As stated earlier, this multiple is a reflection of the desirability of the practice. At The Houlihan Group, we use ten factors to calculate this multiple. These are:

  • Location of the practice
  • Demographics of the patient base
  • Hygiene numbers both as it relates to the number of active patients on recall and hygiene collections
  • Procedure mix of the practice and what procedures are referred out
  • Clinical schedule of the office
  • Staff makeup, staff member pay scale, and the likelihood of the staff staying with the practice after a sale
  • Number of new patients seen and existing marketing plan
  • The nature of the seller’s transition plan and how much help will they provide to the new buyer.
  • The condition of the equipment and will any new purchases be necessary for the new buyer
  • THE PREVAILING MARKET CONDITIONS FOR THAT PARTICULAR PRACTICE.

Of the factors mentioned above, nothing compares, when it comes to importance as the practice location and prevailing market conditions.  At present rural practices generally have higher collections, much higher net profit, and much more favorable clinical schedules than practices near larger metropolitan areas but their desirably factor is much lower than suburban practices because of their location and the fact that most of todays practice buyers are not interested in living in a rural area.

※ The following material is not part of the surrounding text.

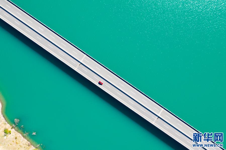 2019年10月28日,一輛汽車經(jīng)過林芝境內(nèi)的多布特大橋(無(wú)人機(jī)拍攝)。新華社記者 普布扎西 攝

As an example, we can use our mythical $1,000,000 practice that nets $400,000. It would most likely sell for between $850,000-$950,000 if it was located in Ann Arbor or West Bloomfield. It might sell for between $650,000-$700,000 if it was located near Jackson or Mount Pleasant. While I can and often do make the case that Jackson or Mount Pleasant is a great place to practice, I seldom see many younger dentists that agree with me. Many of today’s younger dentists are not willing to move to new locations no matter how good the practice is. They have established a lifestyle and routine that does not include moving their family no matter the quality of the opportunity. I try to also make the case rural practices will have much less competition from corporate dentistry in the future which will affect not only work schedules but also staff costs, facility costs, and thus future profitability.  If you are in a metro location you will be forced to compete with our corporate colleagues if you want to survive and thrive financially. Even with the advantages of rural practices as it stands today, all things being equal, a rural practice is simply worth less than a practice in the desirable metropolitan suburb.

In addition to location the other factor having an over-sized impact on practice value is the Prevailing Market Conditions. Currently, dental practices are selling at a premium. The causes of this are numerous and varied. Competition for larger practices from our corporate competitors has driven up the sales prices of all practices, even the smaller ones, particularly if they are in the more desirable locations. The multiple of practice profit used to calculate MVA before 2018 was between 1.4-1.9 while now it is much closer to 1.7-2.3. As mentioned, there are a multitude of factors for this but they all come down to the law of supply and demand. Many more dentists are looking for practices to buy and when you add that to the competition from corporate actors, it means there are many fewer practices on the open market when compared to the number of buyers wanting these practices. This means that practices are selling for more than they did 5-10 years ago.

In summary, determining practice value is somewhat a nebulous exercise, as much art as science, but the only method that is a truly accurate predictor of what a given dental practice will sell for is the Market Valuation Analysis. Any potential practice seller should be aware of what their practice is likely to sell for and make their transition plans accordingly. Practice buyers should be aware if their practice search is limited to very specific areas, it may take a very long time to find the practice of their dreams due to the law of supply and demand and when the do find the practice in their specific location, they will need to be willing to pay a premium for that practice. A transition specialist can help you with your search and evaluate practices you are considering for purchase.